5. Issue notice. Mr.Sunil Agarwal, learned senior standing counsel accepts notice on behalf of the Respondents. He relies on the impugned order dated 09th March, 2022 to contend that the Petitioner is not entitled to the benefit of immunity under Section 270AA of the Act.
6. Having perused the impugned order dated 09 th March, 2022, this Court is of the view that the Respondents’ action of denying the benefit of immunity on the ground that the penalty was initiated under Section 270A of the Act for misreporting of income is not only erroneous but also arbitrary and bereft of any reason as in the penalty notice the Respondents have failed to specify the limb – “underreporting” or “misreporting” of income, under which the penalty proceedings had been initiated.

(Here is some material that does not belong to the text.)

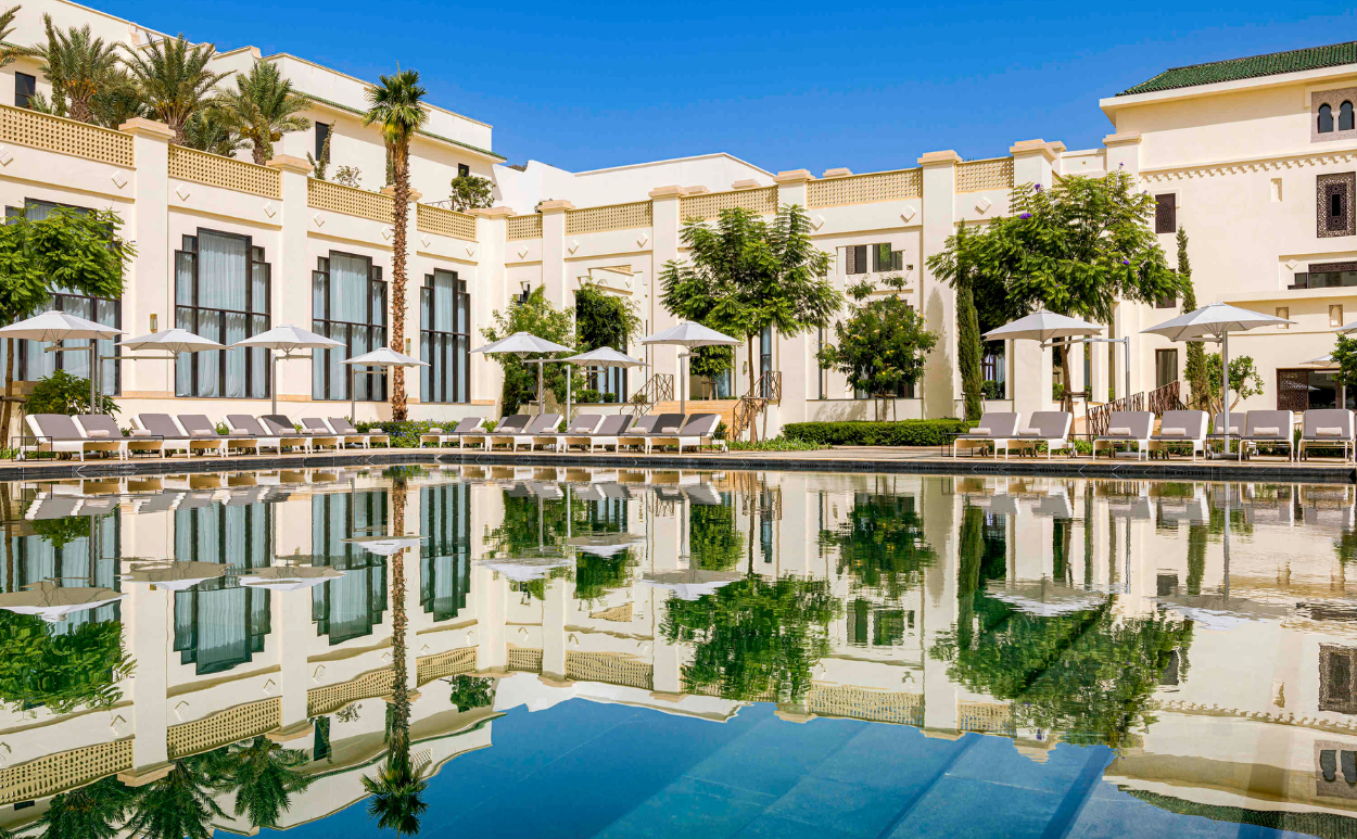Each of the 133 rooms, suites, and penthouses pays homage to Moroccan high craftsmanship, showcasing handcrafted moucharabiehs, mosaics, and textiles by local artisans.

7. This Court also finds that there is not even a whisper as to which limb of Section 270A of the Act is attracted and how the ingredient of sub-section (9) of Section 270A is satisfied. In the absence of such particulars, the mere reference to the word “misreporting” by the Respondents in the assessment order to deny immunity from imposition of penalty and prosecution makes the impugned order manifestly arbitrary.
8. This Court is of the opinion that the entire edifice of the assessment order framed by Respondent No.1 was actually voluntary computation of income filed by the Petitioner to buy peace and avoid litigation, which fact has been duly noted and accepted in the assessment order as well and consequently, there is no question of any misreporting.
9. This Court is further of the view that the impugned action of Respondent No.1 is contrary to the avowed Legislative intent of Section 270AA of the Act to encourage/incentivize a taxpayer to (i) fast-track settlement of issue, (ii) recover tax demand; and (iii) reduce protracted litigation.
10. Consequently, the impugned order dated 09th March, 2022 passed by Respondent No.1 under Section 270AA (4) of the Act is set aside and Respondent No.1 is directed to grant immunity under Section 270AA of the Act to the Petitioner.
11. With the aforesaid directions, the present writ petition along with pending applications stand disposed of.